David Lodge and Graham Stark were Peter’s best men for the brief
ceremony. There were only a handful of guests, but fifteen hundred fans
reportedly cramped themselves around the front of the building as an icy
wind blew snow in their faces. The newspapers were ecstatic: “They outdid
the Beatles fans in their shrieks. . . . Babies were abandoned in their prams
on the lawns!”

It was an unusual day for Michael and Sarah Sellers. “I was at boarding
school,” says Michael. “I was told to get my stuff together because I was
going out for the day. But nobody told me [for] what. The driver picked
me up and said it was because Father was getting married.” Sarah adds,
“We didn’t actually get to go to the wedding ceremony, which I remember
I would have liked to have done.”

At least they made it to the reception at Brookfield.

• • •

 

 

Peter insisted that Maurice Woodruff had predicted the whole thing. Someone with the initials B.E. would have a great influence in his life, Peter
repeated. He had told Elke Sommer the news during the production of
A Shot in the Dark
. That B.E. also stood for Blake Edwards was of no concern. . . . Peter had no idea that his psychic was in collusion with his agent.

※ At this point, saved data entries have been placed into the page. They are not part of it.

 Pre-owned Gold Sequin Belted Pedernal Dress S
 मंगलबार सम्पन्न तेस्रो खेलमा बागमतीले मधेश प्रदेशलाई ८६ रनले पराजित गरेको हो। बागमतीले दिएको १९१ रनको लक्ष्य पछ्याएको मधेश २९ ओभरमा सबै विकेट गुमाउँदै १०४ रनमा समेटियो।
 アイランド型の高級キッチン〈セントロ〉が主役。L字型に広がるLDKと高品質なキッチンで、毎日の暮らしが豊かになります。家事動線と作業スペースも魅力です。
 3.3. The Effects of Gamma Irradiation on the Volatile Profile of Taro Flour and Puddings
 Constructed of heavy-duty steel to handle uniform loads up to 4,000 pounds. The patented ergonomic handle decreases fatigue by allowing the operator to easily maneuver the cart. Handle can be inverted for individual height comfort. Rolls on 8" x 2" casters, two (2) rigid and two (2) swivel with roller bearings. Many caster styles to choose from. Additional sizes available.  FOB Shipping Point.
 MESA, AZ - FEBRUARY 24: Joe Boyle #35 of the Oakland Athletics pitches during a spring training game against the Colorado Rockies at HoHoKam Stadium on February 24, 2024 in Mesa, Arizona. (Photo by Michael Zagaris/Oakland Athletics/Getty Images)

Peter was smitten as only Peter could be, and Britt gave him very good
reason to be so. Charming, young, fresh, and willing, she also happened to
be mind-bogglingly beautiful. “Darling,” he said to her at one point early
on, “you’re so unspoiled, so pristine, and so very
dishy
.” Bert Mortimer,
who saw Peter in his blackest moments, later said that he “had never seen
him so happy. . . . It made life a lot easier for everybody around him.”
Peter’s mother, on the other hand, wasn’t impressed. Peg showed up at her
son’s wedding this time, but behind Britt’s back she tended to call Peter’s
sweet young bride “the bleeding Nazi.”

Four days after the wedding Peter flew to Los Angeles and checked into
the Beverly Hills Hotel and Bungalows. He was there to film
Kiss Me,
Stupid
, Billy Wilder’s feel-bad comedy about a nebbish Nevada husband
and the fantastic jealousy he sports over his pretty blond wife. Sinatra was
out, Dean Martin was in. Monroe was out, Kim Novak in. Shirley
MacLaine was out, Felicia Farr (who was married to Jack Lemmon) was in.

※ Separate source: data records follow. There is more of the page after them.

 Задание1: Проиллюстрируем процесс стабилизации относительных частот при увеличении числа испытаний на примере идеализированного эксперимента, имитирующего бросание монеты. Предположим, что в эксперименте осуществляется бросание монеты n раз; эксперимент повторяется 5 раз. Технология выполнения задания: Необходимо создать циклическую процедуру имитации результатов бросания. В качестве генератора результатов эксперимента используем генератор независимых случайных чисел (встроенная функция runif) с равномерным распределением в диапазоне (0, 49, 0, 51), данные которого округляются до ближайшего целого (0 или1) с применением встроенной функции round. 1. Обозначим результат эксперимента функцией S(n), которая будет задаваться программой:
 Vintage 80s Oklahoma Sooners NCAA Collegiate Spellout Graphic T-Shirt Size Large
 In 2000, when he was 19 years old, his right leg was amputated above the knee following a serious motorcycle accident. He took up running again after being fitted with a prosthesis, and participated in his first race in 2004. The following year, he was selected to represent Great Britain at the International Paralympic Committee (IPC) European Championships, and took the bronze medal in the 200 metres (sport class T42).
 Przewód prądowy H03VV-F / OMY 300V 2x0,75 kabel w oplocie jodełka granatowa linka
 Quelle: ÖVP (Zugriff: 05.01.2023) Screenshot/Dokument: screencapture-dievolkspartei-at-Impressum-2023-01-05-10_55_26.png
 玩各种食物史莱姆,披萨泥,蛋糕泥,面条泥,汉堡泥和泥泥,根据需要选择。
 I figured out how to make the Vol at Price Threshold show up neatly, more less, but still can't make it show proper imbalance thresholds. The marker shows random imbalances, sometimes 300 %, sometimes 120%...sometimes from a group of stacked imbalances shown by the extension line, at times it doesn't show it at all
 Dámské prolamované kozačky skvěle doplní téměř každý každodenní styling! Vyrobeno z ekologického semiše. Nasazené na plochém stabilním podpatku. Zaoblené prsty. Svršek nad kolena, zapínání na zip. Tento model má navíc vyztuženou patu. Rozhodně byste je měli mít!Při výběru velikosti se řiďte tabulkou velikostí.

Britt stayed in London to begin filming
Guns at Batasi
with Richard
Attenborough and John Leyton. David Lodge and Graham Stark both had
roles in the film, so naturally Peter asked them to spy on Britt and report
back to him any suspicious behavior.

Capucine threw a party for him on February 25. Blake Edwards was
there; so were Jack Lemmon and Felicia Farr, Billy and Audrey Wilder, the
director William Wyler, and Swifty Lazar.

Peter taped
The Steve Allen Show
on March 20 and brought the house
down. “It was a very interesting period in my life,” Peter said in response
to Allen’s question about
The Goon Show
. “I worked with a very brilliant
colleague called Spike Milligan, who wrote the show. Who unfortunately
is in a mental home at the moment. [Laughter.] No. He gets a bit under
the weather. [Laughter.] But anyway. . . .”

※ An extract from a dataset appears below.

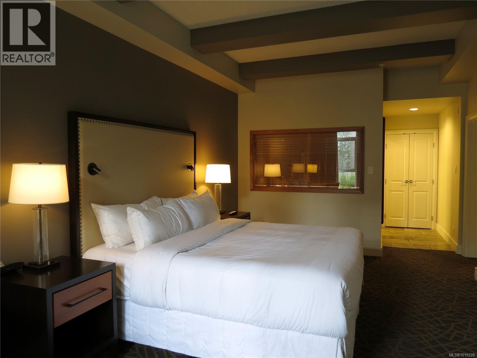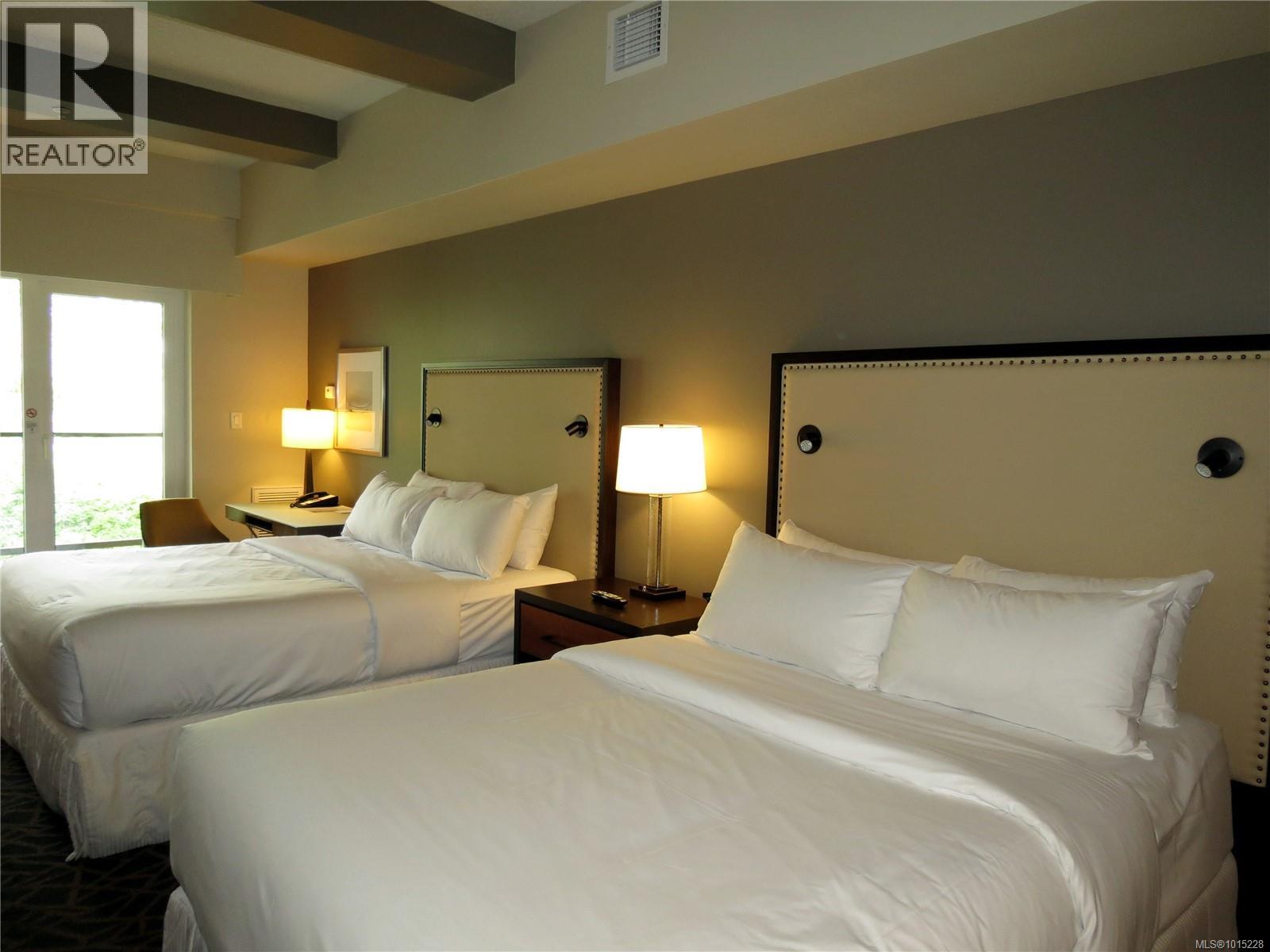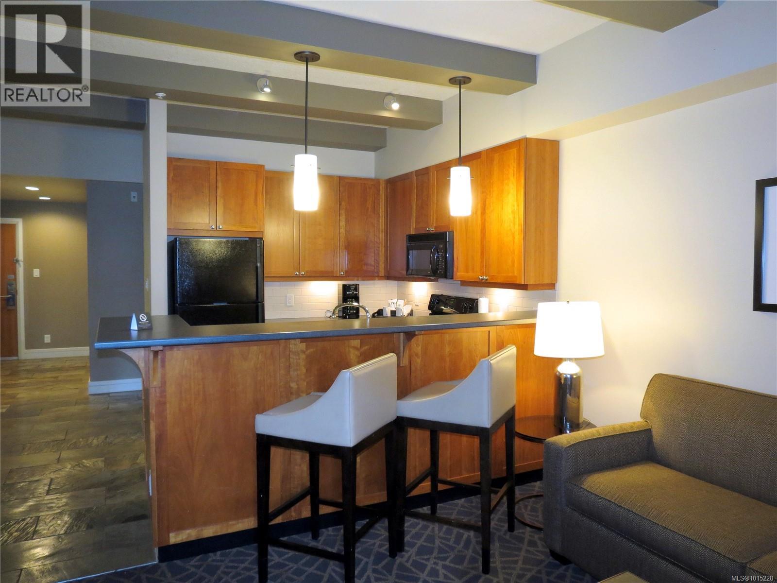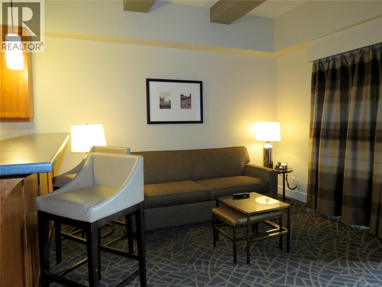 $210 MonthlyINVESTOR ALERT!! Turnkey ¼ share ownership opportunity in the premier Fairways Hotel located at the prestigious Bear Mountain Resort. Within walking distance of restaurant, spa, pool, gym, tennis, hiking trails and two world class Jack Nicklaus designed golf courses, it’s a great getaway for year-round enjoyment in a beautiful natural setting. Earn a revenue stream without being a landlord and stay up to 13 weeks a year in this professionally managed complex. It’s a great home base for day trips to discover Vancouver Island. This offering includes two adjoining suites; a one-bedroom king with full kitchen, two baths and private balcony PLUS a separate self-contained studio with two queen beds, a kitchenette, full bath and private balcony. You have the option to connect these suites which are located on the quiet side of the building overlooking the golf course. All suites are finished in a similar manner. Due to bookings, some photos shown are of a similar suite. This is a pet friendly hotel. (id:44393)

Allen asked him what he called his mother-in-law: “Well, I think the
English have quite a good way out of it. They just say ‘Hallo!’ [Laughter.]
But Britt’s mother is called Mai-Britt, and I call Britt
my
Britt, you see,
because she belongs to me.”

After keeping Allen unusually entertained and playing drums with the
band on “Honeysuckle Rose” (complete with a show-stopping solo), Peter
finished off his appearance with an extended improvisation in which he
placed a prank call to Scotland Yard. (This was not Peter’s invention. Random phone calls were a standard routine on
The Steve Allen Show
; Jerry
Lewis, Mel Brooks, Johnny Carson, and Jack Lemmon had each placed one
during their guest appearances on the show.)

Given the American premiere of
The Pink Panther
, the L.A. papers
were also full of Peter:

“I don’t enjoy playing multiple parts at all. I know Alec Guinness
doesn’t either. But they do have a sort of showcase value.”

“I feel I’m the only one who really knows basically that I’m a phony
and eventually it will all be found out.”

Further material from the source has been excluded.